New Domain Parking / Set-Up Notes

Steps to “park” a new domain with email and HTTP service. Total cost is ~$12/year assuming you already have a web server set up.

Domain Registration and DNS

  • Register domain with Amazon Route53 ($12/year for .com)
    • Delete the public “Hosted Zone” ($6/year) since CloudFlare will be used for hosting DNS
    • No Route53 Hosted Zone is necessary, unless you want to run a VPC with its own private view of the domain, in which case there needs to be a private Hosted Zone.
  • Create CloudFlare free-tier account for DNS hosting
    • Change Amazon Route53 DNS server settings over to CloudFlare
    • CloudFlare settings that you might want to adjust:
      • Crypto/SSL Policy: see below
      • Always Use HTTPS: On (unless you need fine-grained control over HTTP→HTTPS redirection)

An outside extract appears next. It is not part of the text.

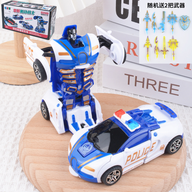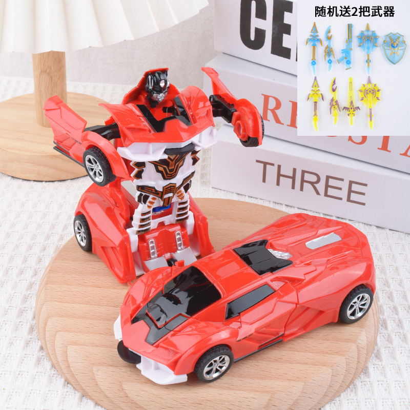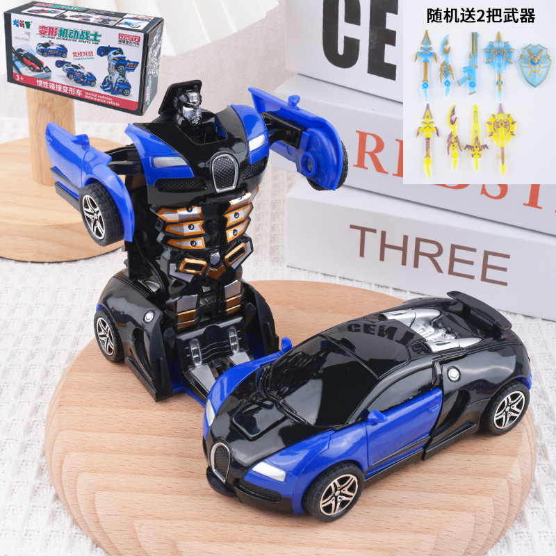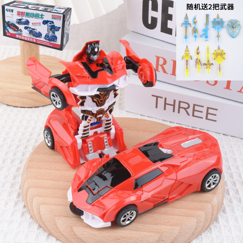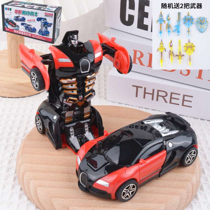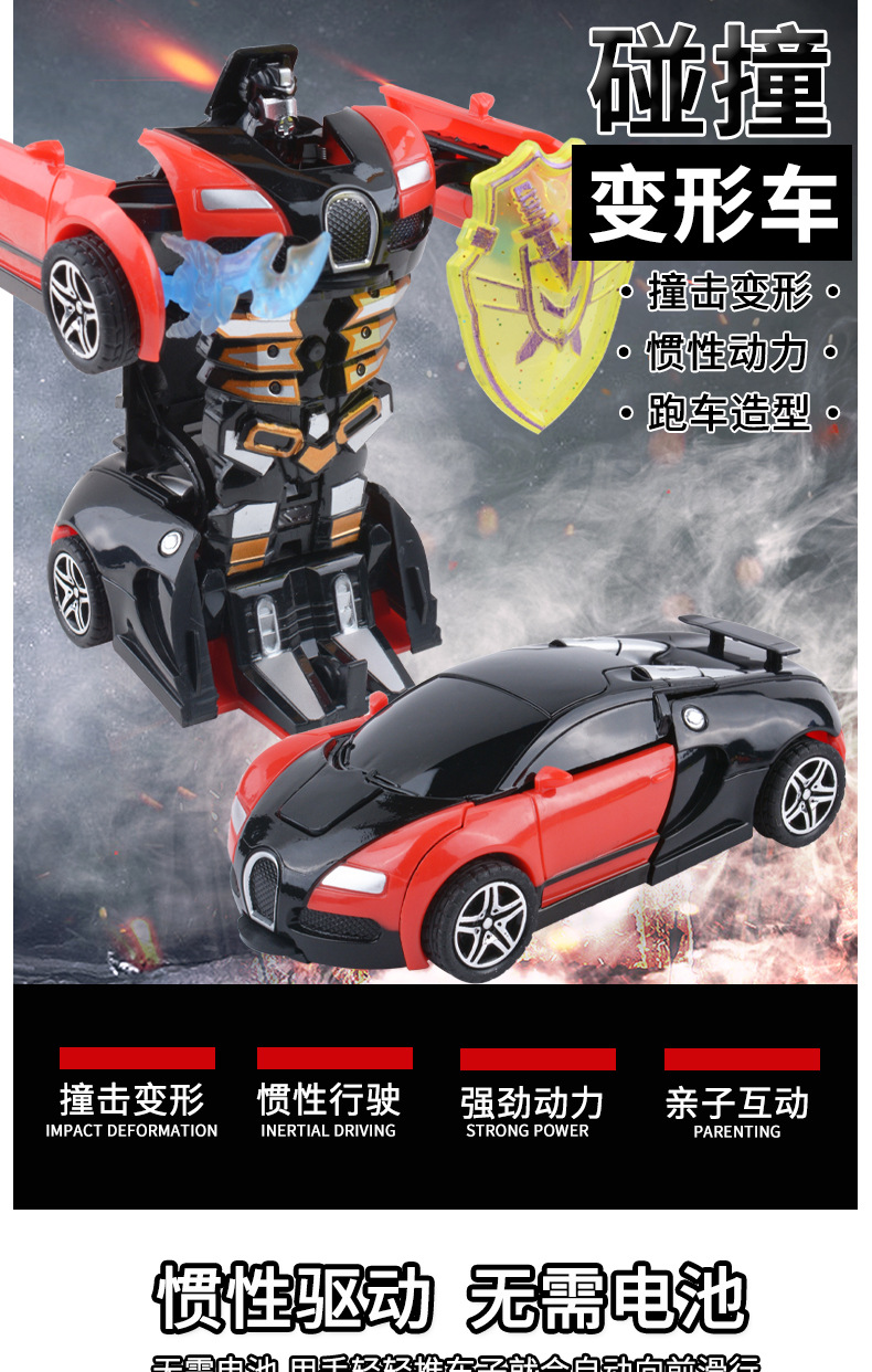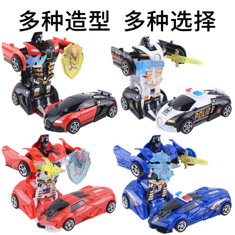 儿童变形车玩具惯性碰撞一键变形男孩汽车模型变形机器人地摊批发

Assume you have a web server that will respond to HTTP requests on the new domain.

  • Option 1: Direct Connection (CloudFlare ingress and SSL termination, but no SSL to the origin)
    • Use a single-host A/CNAME record in CloudFlare
    • CloudFlare will handle SSL termination, but must be used in “Flexible” crypto mode which reverts to HTTP when talking to the origin server.
  • Option 2a: Proper SSL Setup with AWS load balancer (~$240/year) and its built-in certificate
    • Create an EC2 load balancer with a certificate appropriate for the domain
    • Use a CNAME record in CloudFlare pointing to the load balancer’s DNS name
    • Now you can enable CloudFlare’s “Full” crypto mode
  • Option 2b: Proper SSL Setup with Let’s Encrypt (free)
    • TBD – needs some kind of containerized HTTP server that updates the certificate automatically

Email Forwarding

It is important to be able to receive email addressed to, for example to respond to verification emails for future domain transfers or SSL certificate issuance.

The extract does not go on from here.